= Georgy Garanian =

Russian composer

Georgy Aramovich Garanian (Գէորգի Գարանեան, Гео́ргий Ара́мович Гараня́н; 15 August 1934 – 11 January 2010) was an ethnic Armenian Russian jazz saxophone player, bandleader and composer. He was the People's Artist of Russia in 1993.

Born in Moscow, Garanian was trained at the Moscow Conservatory. He was one of the first Russian musicians who attracted the attention of the Western world as part of the jazz from the USSR. He belonged to the first generation of Russian jazzmen who started to perform after World War II. As a musician (alto saxophone), conductor and composer he was the leader of the country's best big bands: Melodia (1970s–1980s) and Moscow Big Band (1992–1995). He led the Municipal Big Band in the Southern Russian city of Krasnodar. He toured regularly as a trio with pianist Daniil Kramer and guitarist Aleksey Kuznetsov during the 1990s.

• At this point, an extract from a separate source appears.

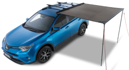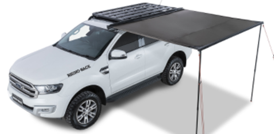 Awnings designed to be mounted on the roof rack of motor vehicles.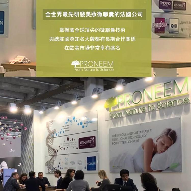 法國Proneem公司是全世界最先研發美妝微膠囊的公司,掌握著最頂尖的核心技術。

Garanian recorded more music than any other jazz musician in Russia, performed at many international jazz festivals (Finland, India, Indonesia, Cuba etc.), toured Germany, the United States, Japan, Australia, Sweden, France, Taiwan and many other countries. Frederick Starr wrote in his book about Russian jazz that Garanian is one of the best jazz musicians in Russia. Starr quoted famous American critic John Hammond, who heard George at the jazz festival in Prague, Czechoslovakia, — "Georgy Garanian is phaenomenal". And person number one in jazz, Willis Conover, the host of "Voice of America" jazz program, invited him many times to participate at International jazz festivals in Hungary, Yugoslavia and other countries.
In the year 2000 Garanian was nominated to the Grammy Award as a conductor of the famous Tchaikovsky orchestra for the double CD album "Oregon in Moscow", which had been made together with renowned American jazz group Oregon and produced by Pat Metheny Group's Steve Rodby. In September 2004 on the main Square of Russia founded a pavement Star in honour of George Garanian as the sign of absolute recognition and gratitude for his contribution into Russia culture.

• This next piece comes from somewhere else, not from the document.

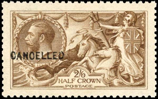 Great Britain 1915 DLR 2s6d yellow-brown, optd "CANCELLED", SG 406var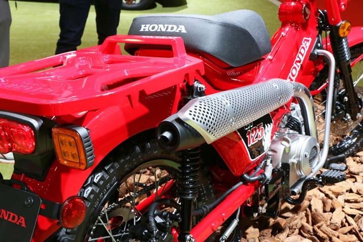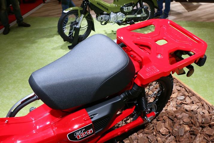 大型のキャリアを装着しているが、よく見ると「AIR CLEANER」の文字が刻まれ、吸気ダクトがつながっている。水の吸い込みなどを抑えるための措置で、かつてのハンターカブも採用していた機構だ

Georgy Garanian was always one of the most "sought after" musicians in Russia. He was the only jazz performer who granted the privilege to perform 4 concerts annually at Moscow Conservatory Great Hall (the most renowned classical venue in East Europe).

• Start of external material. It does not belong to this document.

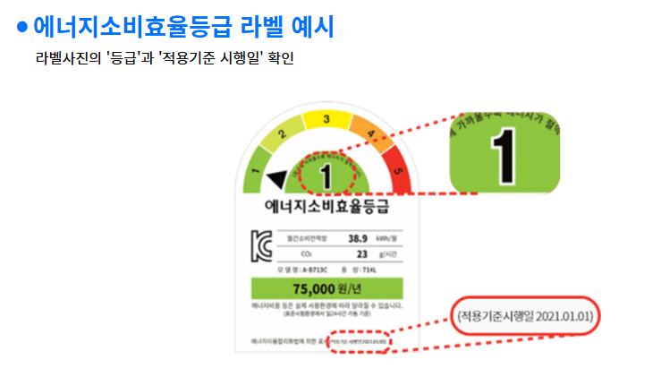 ③ 에너지효율등급 라벨에서 등급 및 적용기준 시행일 확인

In March 2010 Georgy Garanian Fund released the album "Jazz in Tuxedos" that was recorded by suddenly gone in January Maestro George Garanian with "Moscow virtuosi" Chamber Orchestra and classical pianist Denis Matsuev. All the tracks in the album "Jazz in Tuxedos" suggest unique arrangements, that are originally made by Garanian. Practically in every track there is George Garanian's alto sax solo and he is the conductor always. CD became popular right after it had come out as well as the new version of George Garanian's legendary manual "Basic foundation of variety and jazz arrangement".

He died from cardiac arrest in Krasnodar on 11 January 2010 at the age of 75.